*Requirement*
A word-for-word copy of the listing, free of images, is the expected answer.

*Available data*
────────────────────────────────────────

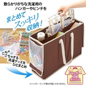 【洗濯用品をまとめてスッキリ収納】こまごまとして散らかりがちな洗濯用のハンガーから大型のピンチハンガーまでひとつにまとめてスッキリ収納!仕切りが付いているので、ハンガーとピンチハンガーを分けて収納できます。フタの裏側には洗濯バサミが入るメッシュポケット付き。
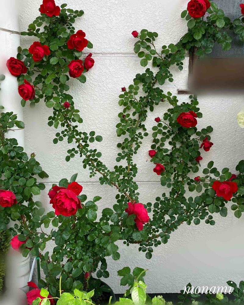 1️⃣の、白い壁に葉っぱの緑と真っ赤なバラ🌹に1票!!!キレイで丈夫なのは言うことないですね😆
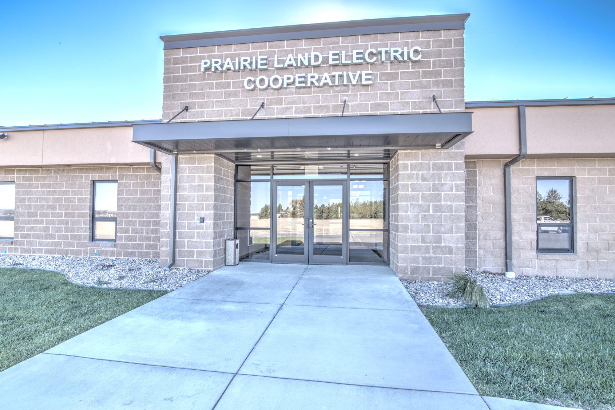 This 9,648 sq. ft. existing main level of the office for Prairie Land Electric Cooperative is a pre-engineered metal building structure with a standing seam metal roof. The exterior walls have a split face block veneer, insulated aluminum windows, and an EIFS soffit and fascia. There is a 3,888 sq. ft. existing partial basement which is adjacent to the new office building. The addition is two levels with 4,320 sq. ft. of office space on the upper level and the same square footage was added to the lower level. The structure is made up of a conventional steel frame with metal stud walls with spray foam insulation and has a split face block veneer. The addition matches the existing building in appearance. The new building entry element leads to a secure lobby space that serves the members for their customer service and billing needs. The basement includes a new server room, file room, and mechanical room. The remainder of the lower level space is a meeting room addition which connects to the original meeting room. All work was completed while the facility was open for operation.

────────────────────────────────────────

*Answer section*
 【洗濯用品をまとめてスッキリ収納】こまごまとして散らかりがちな洗濯用のハンガーから大型のピンチハンガーまでひとつにまとめてスッキリ収納!仕切りが付いているので、ハンガーとピンチハンガーを分けて収納できます。フタの裏側には洗濯バサミが入るメッシュポケット付き。
 1️⃣の、白い壁に葉っぱの緑と真っ赤なバラ🌹に1票!!!キレイで丈夫なのは言うことないですね😆
 This 9,648 sq. ft. existing main level of the office for Prairie Land Electric Cooperative is a pre-engineered metal building structure with a standing seam metal roof. The exterior walls have a split face block veneer, insulated aluminum windows, and an EIFS soffit and fascia. There is a 3,888 sq. ft. existing partial basement which is adjacent to the new office building. The addition is two levels with 4,320 sq. ft. of office space on the upper level and the same square footage was added to the lower level. The structure is made up of a conventional steel frame with metal stud walls with spray foam insulation and has a split face block veneer. The addition matches the existing building in appearance. The new building entry element leads to a secure lobby space that serves the members for their customer service and billing needs. The basement includes a new server room, file room, and mechanical room. The remainder of the lower level space is a meeting room addition which connects to the original meeting room. All work was completed while the facility was open for operation.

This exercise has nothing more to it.